Иван зажег новую сигарету и насмешливо взглянул на Романа Лаврентьевича.

– Да пойми ты, Джеймс Бонд совковый! Гулять твоим «туроператорам» осталось недолго. Даже у нас все за три дня развалилось, а ведь казалось, что советскому строю сносу не будет. Какие там 70 лет! Наши вожди на 700 замахивались, обещали победу мировой революции и коммунизм к восьмидесятому году. В общем, у латинских бездельников без нашей поддержки игра в политику на деньги рухнет в одночасье, словно карточный домик.

– Допустим, Лаврентьич, ты прав, я даже во многом с тобой согласен. Однако должен тебя жестоко разочаровать. Кое-кто раньше нас особо всем подумал и все предусмотрел.

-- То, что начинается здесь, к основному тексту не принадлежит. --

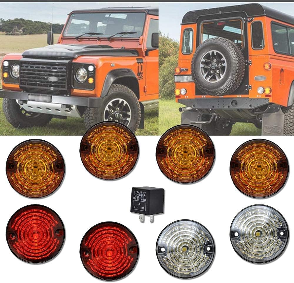 Defender Led Light Update Kits – Standard Size Amber Indicatior Front Side Light Rear Stop Tail Light For L.and Ro.ver Defender 90/110 With Flasher Total 8pcs 73mm 4*Yellow+2*Clear+2*Red Led Light
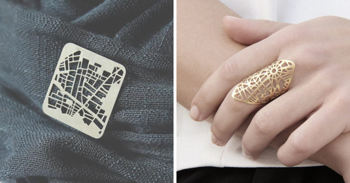 For the past few years, I've been turning street maps into jewelry. I started with a collection of nine cities close to my heart. Requests to create new maps started flowing in, and I decided to develop a system that allows anyone to design and create their own.

Вот поэтому они наши начальники, а мы с тобой до сих пор – рядовые невидимого фронта. Короче, нам с собкором «Страны Советов» в Мексике Валеркой Мендосом дано одним большим человеком срочное задание: перевести партийные денежки в офшор на одно очень серьезное имя. Как ты догадываешься, люди такого уровня шутить не любят и нам не советуют.

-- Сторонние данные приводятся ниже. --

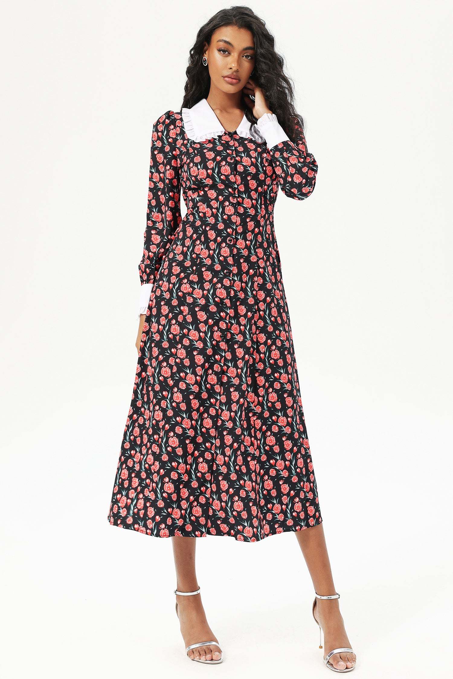 - Floral, long sleeve, peter pan-collar, buttoned, midi dress

– Ладно, Вань, не ссы, прорвемся. На войне мы с тобой и не такое видели. Сто раз думали – все, капец, однако кто-то там на облаке и за мной, и за тобой присматривал, вот мы целых 50 лет после войны и прожили.

– На войне было все ясно. Там враг, а тут свои. А кто теперь эти «свои»? Все смешалось, Вань!

– Свои, Лаврентьич, это наши чекисты. Не продадут, не подставят, не сольют нас бандитам. Мы с тобой полвека служим в органах. Сам знаешь, КГБ – это своего рода масонская ложа. Они всегда своих вытаскивают из любых передряг, потому что вместе мы – сила. Короче, какие у тебя предложения?

– Все проще простого. Ты прилетаешь в Мехико с чемоданом валюты, идешь в наш корпункт и проводишь серьезную беседу с Валеркой Мендосом. Он не дурак. Сходу въедет в ситуацию и, уверен, не откажется нам помочь. Потому что от таких денег не отказываются. Разумеется, он тоже будет в доле.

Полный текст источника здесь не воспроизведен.